Книга Безумие, страница 32. Автор книги Елена Крюкова

Разделитель для чтения книг в онлайн библиотеке

Онлайн книга «Безумие»

Cтраница 32

– И запоздравлялся бы. Знаю я эти поздравлялки.

– Нинусик, знаешь, все-таки пойду. Неудобно. Руля мой друг. Он отменно сегодня спел. Я быстро.

Он видел, даже под гаснущей люстрой, как мгновенно проступила бледность испуга и ненависти под смугло-румяной абрикосовой щекой.

Отцепилась от него. Стояла рядом. Уже надменная, ледяная. Зимняя.

– Иди. Если я тебе не дорога…

– Ох, дорога! Еще как дорога!

Чмокнул вкусно. Сделал ручкой. Для верности послал воздушный поцелуй. Подмигнул: мол, скоро примчусь, не сомневайся, жди!

Нина спустилась по мраморной, застланной красным ковром лестнице в гардероб. Вслепую нашаривала номерок в сумочке. Одна пялила пальто с каракулевым воротником перед бездонным морем зеркала; никто ей не помогал, не поправлял рукава и мех. Одна вышла в пуржистую, черно-синюю ночь. Квадратные колонны оперного театра пугали египетской мощью.

Она стояла перед парадным входом долго, долго. Мерзла. Переступала на алмазном снегу в меховых сапожках. Потом плюнула на снег и пошла к служебному входу. Там утоптала весь снег. Руки мерзли в вязаных перчатках и в маленькой муфте из золотистой китайской земляной выдры. Воротник подняла до ушей. Шмыгала носом.

Когда на трамвайной остановке обе стрелки сошлись на полночи – пошла домой по рельсам, одна, замирая от страха, беззвучно, губами, шепча бессвязные проклятья.


Коля пришел домой под утро. Долго, тихо стучал. Нина не открывала дверь.

Когда открыла – ввалился, улыбнулся жалко, обдал водочным дыханьем, запнулся за порог, свалился беспомощно и шумно ей под ноги. Сжался. Лежал, не двигался. У Нины дергалась верхняя, в пушке жгучих усиков, сонная губа.

– Прекрати. Вставай сейчас же.

Молчал и сопел. Выдыхал перегар. В легких хрипело. Силился сказать слово. Не мог. Не сумел. Закатил глаза. Замычал, застонал жалобно, щенком заскулил. Нина наклонилась, как над грядкой, и цапнула за руку. Пульс!

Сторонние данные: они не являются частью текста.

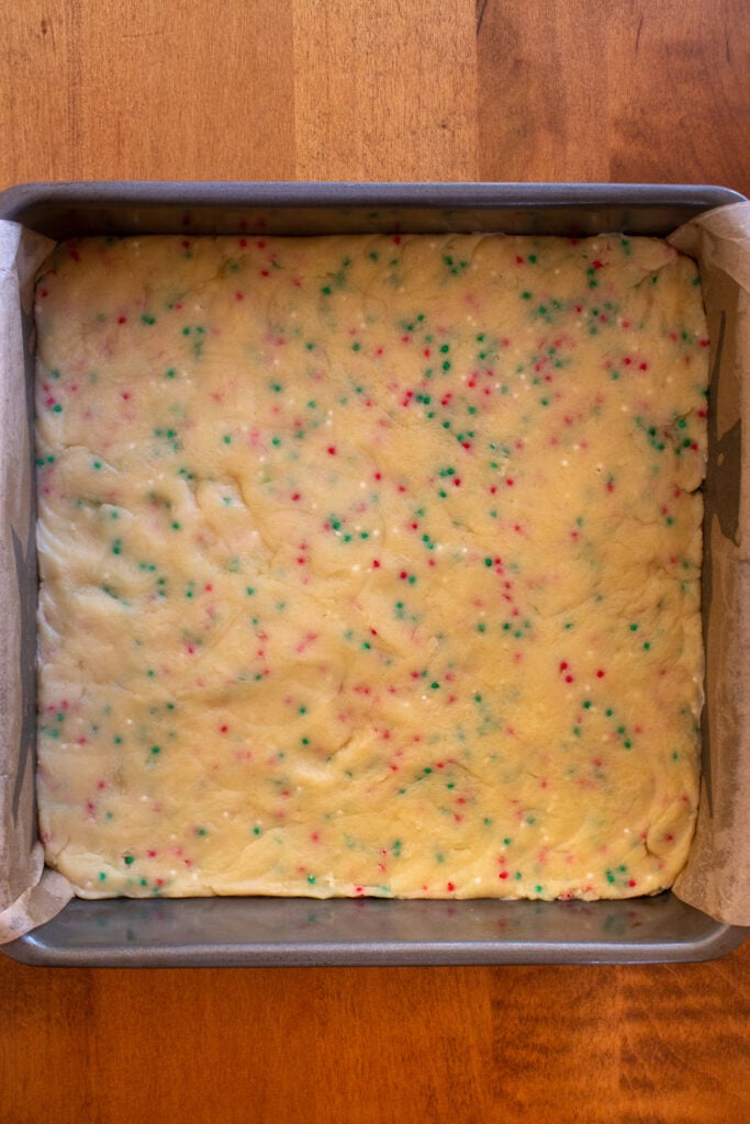 - Transfer into the prepared pan and spread evenly. I find the best way to spread the cookie dough evenly in the pan is with my fingers.

Нитевидный!

– С-с-сэрдцэ-э-э-э… Сэрд-дцэ, тебе не хочецца… покоя-а-м-м-м…

Кровь на разбитой губе. Синяк под глазом. Без пальто. В одном пиджаке. Пальто сняли. Прекрасный драп, «Москвошвей». Безумно жалко. Продал картину, и купили пальто. Не ей! Ему. Чтобы выглядеть презентабельно. Собрания, заседания, выставки, вернисажи. Театры. На улице жулики сняли? Тенору – от сердца – подарил? Шубу с царского плеча? Мнит себя царьком, да. Щедрым и разгульным. А она кто тогда? Царская наложница? А может, царская кухарка?

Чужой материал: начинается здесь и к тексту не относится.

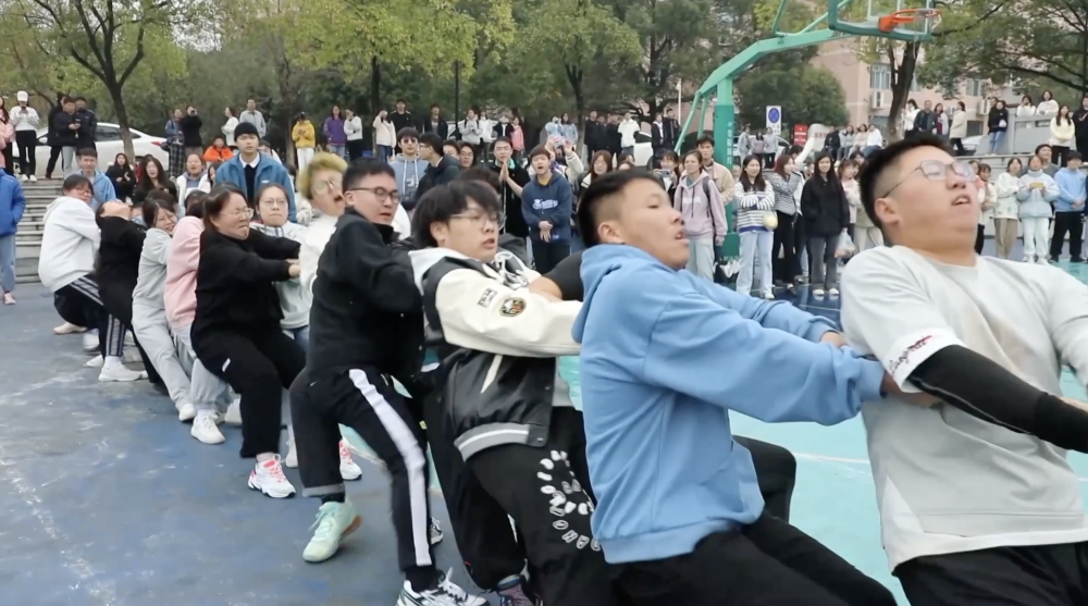 近日,在湖南怀化学院的第十七届运动会上,四向拔河项目成了全场焦点。

Считала пульс. Глаза округлялись. Метнулась в комнату. Распахнула шкаф. Из открытой двери тянуло сквозняком из подъезда. Коммунальные соседи спали. Не все: сквозь щель из-под двери старухи Киселихи сочился оранжевый, морковный свет. Молилась и жгла лампаду. Старая лагерница. Нина как-то ходила с ней в баню. У нее на груди синяя татуировка – Сталин анфас. А на спине, под чахлыми лопатками, – Сталин с затылка. Тщательно прорисованы пряди волос и стоячий военный воротник. И погоны, погоны.

Босиком пробежала опять в прихожую. Подхватила Крюкова под мышки. Тащила. Медсестра на поле боя. Носильщица тюков на волжской барже. Кто ты? Все что угодно, только не жена.

А может, это и есть жена?

Валялся на паркете. Затылок голый. И шапку стащили. И шапку потерял.

И, наверное, бумажник.

Теперь уже все равно. Проживут на ее зарплату.

Сунула руку ему в нагрудный карман. Он бормотнул неуклюже, медведем за руку схватил.

– Што-о-о-о… э-э-э-э…

И документов нет. Ни паспорта, ни билета Союза художников. Всего обчистили. Как липку ободрали.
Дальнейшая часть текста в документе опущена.